GDR Model Review: Q3 2025
Even when Steph Curry has missed five in a row, you still want him taking the next shot.
Steph Curry can miss five shots in a row and still take the sixth like it’s going in—and often, it does.
He’s not perfect. But the mechanics are. That’s why we trust his shot.
September felt like that for the GDR Model. The setup was there, but not every shot dropped. The model underperformed the market this quarter, which is rare—but the process didn’t break. In fact, it did exactly what it’s designed to do: recognize weakness and sit out when the odds aren’t favorable. And just like with Steph, the only way to keep hitting is to keep taking the right shots.
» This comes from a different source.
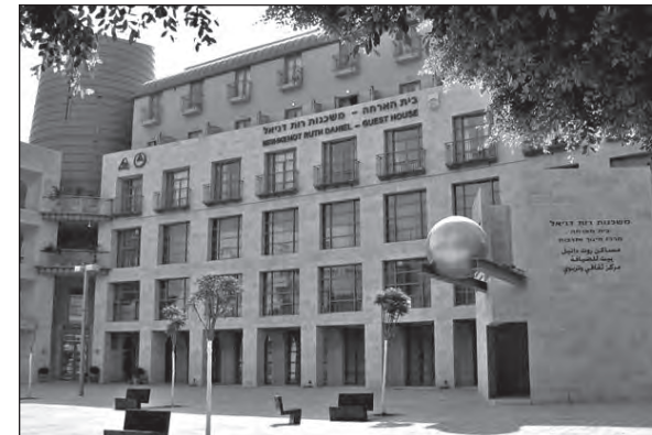
Mishkenot Ruth Daniel Guest House Part of the Reform Movement World Center

The GDR Model returned 4.76% vs the S&P 500’s Total Return of 8.12%, underperforming the index by 336 basis points in Q3 2025.
The model is up 72.33% year-to-date as of the end of Q3 2025 compared with the S&P 500’s Total Return of 14.83%. The model is ahead by 5,750 basis points.
This was a rare quarter where the GDR Model underperformed the S&P 500 index.
September was unusual: the market rallied from start to finish, but the model only participated in about half of it.
Still, the mechanics were in place. When the model detects underlying weakness, it stands down—even during a rally—because the odds of continuation are low.
Just like Steph Curry’s shot, the model’s logic is built on probabilities, not guarantees. Not every trade will go in. But that doesn’t mean it was a bad one.